*GOAL OF THE EXERCISE:* The lines to transcribe run from the top of the material below to the line with "真っ赤なアウディです。この凹", inclusive. Leave the pictures behind.

*DATA SEGMENT:*

▬▬▬▬▬▬▬▬▬▬

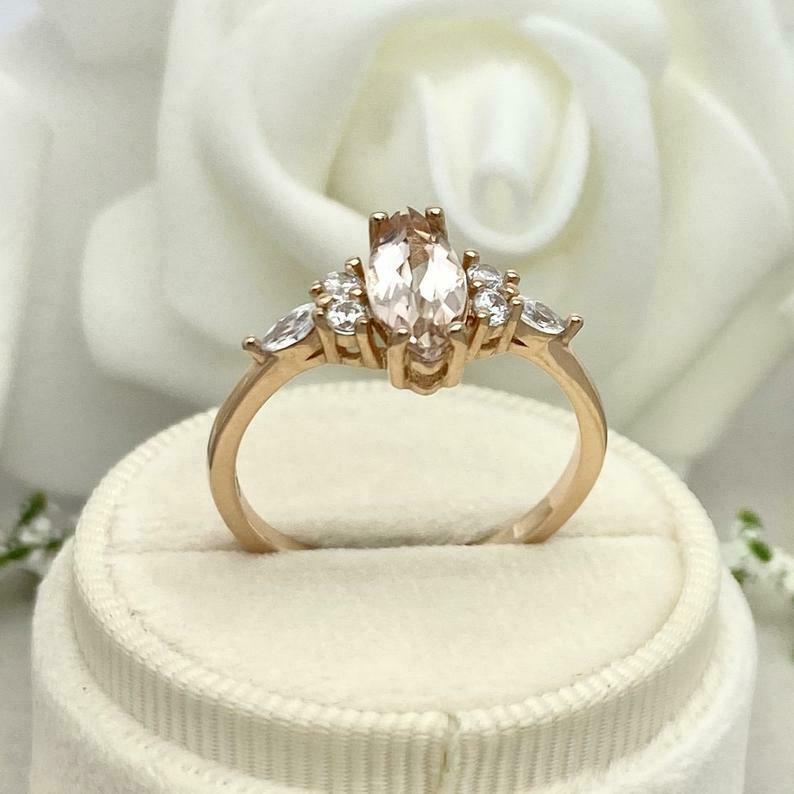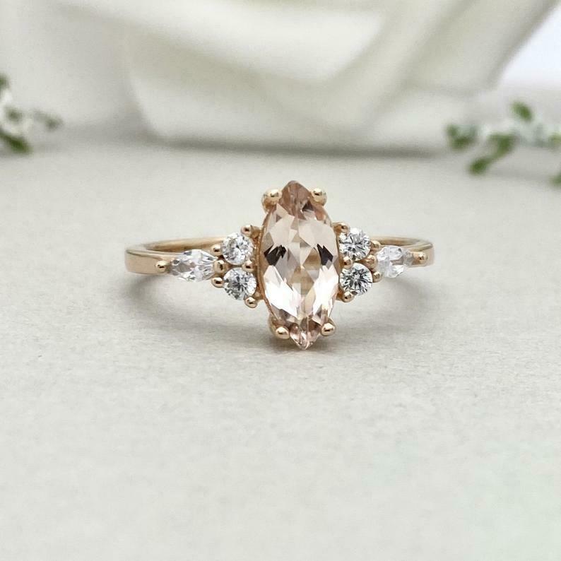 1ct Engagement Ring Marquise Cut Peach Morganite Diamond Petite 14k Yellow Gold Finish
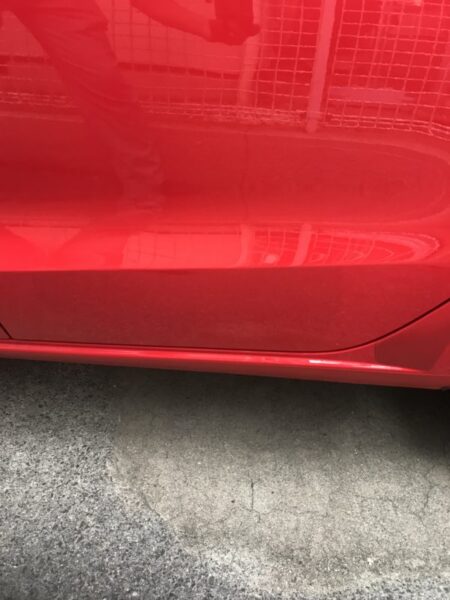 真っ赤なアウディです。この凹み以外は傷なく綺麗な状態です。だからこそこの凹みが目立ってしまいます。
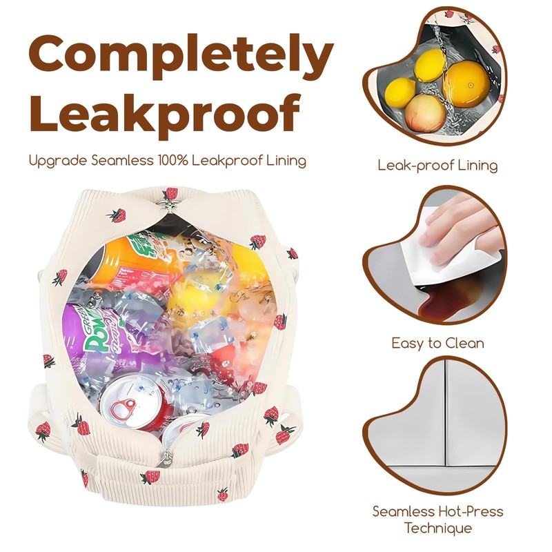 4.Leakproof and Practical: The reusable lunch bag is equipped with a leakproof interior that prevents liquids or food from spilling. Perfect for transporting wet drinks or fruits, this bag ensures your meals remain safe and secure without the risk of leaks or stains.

▬▬▬▬▬▬▬▬▬▬

*WRITTEN SOLUTION:*
 1ct Engagement Ring Marquise Cut Peach Morganite Diamond Petite 14k Yellow Gold Finish
 真っ赤なアウディです。この凹み以外は傷なく綺麗な状態です。だからこそこの凹みが目立ってしまいます。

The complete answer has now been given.